Een overeenkomst als zojuist bedoeld kan mede inhouden dat die andere ondernemer een of meer prestaties tegen een vergoeding verricht jegens de eerstbedoelde ondernemer. Vergelijk in dit verband het arrest van het Hof van Justitie van 23 november 1988, Naturally Yours Cosmetics Ltd, 230/87; in deze zaak was niet slechts sprake van de levering van een goed, maar ingevolge dezelfde overeenkomst ook van een dienst tegen een vergoeding, verricht door de afnemer van het goed. Een dergelijke dienst is aan de heffing van omzetbelasting onderworpen, ook indien deze gelet op de inhoud van de overeenkomst van ondergeschikte betekenis is ten opzichte van de prestatie van de eerstbedoelde ondernemer. Anders gezegd, de in het arrest Card Protection Plan gegeven richtlijnen dienen – anders dan in ’s Hofs hiervoor in 3.2.2 weergegeven oordeel ligt besloten – per bij de overeenkomst betrokken partij afzonderlijk te worden toegepast.
3.4.2.
Een essentieel kenmerk van kredietverstrekking vormt het gedurende de looptijd van de overeenkomst schuldig zijn van de hoofdsom door de kredietnemer jegens de kredietverstrekker. Voor zover het Hof bij zijn oordeel dat sprake is van door de Staat verstrekt krediet, ervan is uitgegaan dat de in de overeenkomst neergelegde verplichting tot het op enig moment betalen van een bedrag ter grootte van de door de Staat verstrekte bijdragen, met vermeerdering van rente, ook zonder dat belanghebbende het bedrag van de bijdragen schuldig was gedurende de looptijd van de overeenkomst, volstaat om te concluderen tot kredietverlening, getuigt dat oordeel van een onjuiste rechtsopvatting. Indien het Hof bij dit oordeel is uitgegaan van de juiste rechtsopvatting, is ’s Hofs oordeel dat sprake is van een door de Staat verstrekt krediet zonder nadere motivering, die ontbreekt, niet begrijpelijk. Weliswaar is in het hiervoor in 3.1.3 weergegeven artikel 5 van de bij de overeenkomst behorende Annex C vastgelegd dat belanghebbende betalingen aan de Staat moet verrichten, en wel naar de mate waarin belanghebbende erin slaagt het medicijn aan derden te verkopen, maar deze bepaling vormt onvoldoende feitelijke grondslag voor de conclusie dat belanghebbende vanaf de aanvang van de overeenkomst in een positie van schuldenaar van een geldsom verkeert jegens de Staat.

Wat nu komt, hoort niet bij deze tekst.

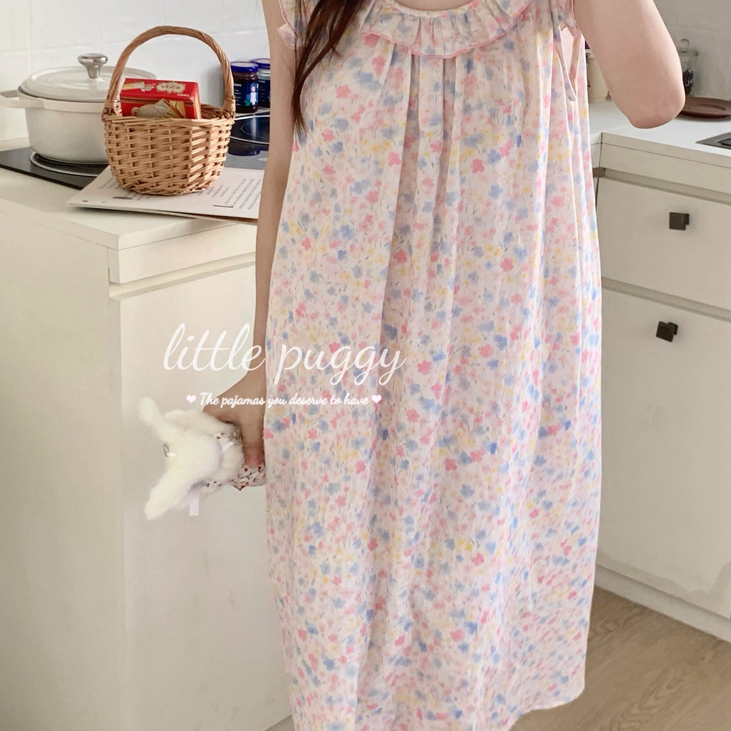 当前位置: 91家纺网 > 商品网购 > 居家日用 > 睡衣/家居服套装 > 妍景家居生活馆 2026新款木耳边无袖睡裙 莫奈花园

Op grond van dit een en ander slaagt het middel. ’s Hofs uitspraak kan niet in stand blijven. Verwijzing moet volgen.
4. Proceskosten
De Hoge Raad acht geen termen aanwezig voor een veroordeling in de proceskosten.
5. Beslissing
De Hoge Raad:
verklaart het beroep in cassatie gegrond,
vernietigt de uitspraak van het Hof,
verwijst het geding naar het Gerechtshof ’s-Hertogenbosch ter verdere behandeling en beslissing van de zaak met inachtneming van dit arrest.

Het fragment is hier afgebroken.